Colourful flowerbeds in the grounds of
Catros-Gérand/Les Doigts Verts

Rewinding to the late 18th century/early 19th century, Toussaint-Yves Catros was also making waves further afield in the Bordeaux region. He played a major part in choosing what species to plant in order to consolidate the oceanfront dunes. In the Médoc, he was commissioned by Marquis de la Colonilla to design the gardens of Château Margaux.

It also occurred to him that the land in Macau, located at the point where the Garonne and Dordogne rivers merge to form the Gironde Estuary, would be ideally suited to the cultivation of artichokes (artichokes develop well on fertile land enriched by mud-heavy river water). Catros imported specimens of the “Camus” variety of artichokes from his native Brittany, giving birth to what went on to become a local speciality: the “artichaut de Macau”. Initially shipped upstream to the markets in central Bordeaux, Macau artichokes remain a fixture in supermarkets throughout France and have even been granted the ultimate accolade in their hometown: a cast iron silhouette and pillartop sculptures which enjoy pride of place on a roundabout.


Perhaps Catros’s greatest achievement though was the publication, in 1810, of “Traité raisonné des arbres fruitiers”, a 600-page encyclopedic catalogue of fruit trees. The book details 18 categories of tree which are broken down into 347 individual species (there are 120 types of pear tree alone!). For each variety, Catros provides a detailed description, explains how and where best to plant them, and outlines the specific merits of each tree’s individual fruit.

In his introductory notes, Catros writes "Puisse cet ouvrage être aussi agréable que j’ai cru qu’il pouvait devenir utile !" (May this work prove to be as enjoyable as I believed it would prove useful). By scrolling through the book, which can be viewed in its entirety here (courtesy of University of British Columbia Library/archive.org), it is safe to say that Catros managed this and much more: the catalogue is a veritable benchmark document.


Toussaint-Yves Catros achieved greatness in his lifetime and his work was widely applauded.
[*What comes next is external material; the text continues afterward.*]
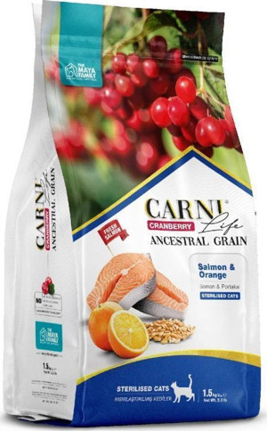 Kızılcık Somonlu ve Portakallı Kısırlaştırılmış Kedi Maması 1.5 Kg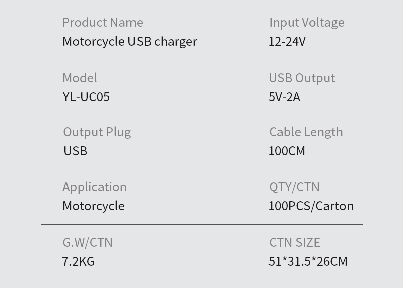 | Product Description | Motorcycle USB 5V 2A Mobile Phone Charger |

In 1825, Charles Lemercier de Longpré (Baron d’Hausez), the Prefect of the Gironde, singled him out as having “raised the art of naturalising foreign plants to the highest degree” ("porté à son plus haut degré l’art de naturaliser les plantes étrangères").

Today, Catros’s legacy is perhaps less immediately visible but has become an integral part of the landscape from the Atlantic dunes to Carbon-Blanc, Le Haillan and Macau, where his various initiatives continue to flourish!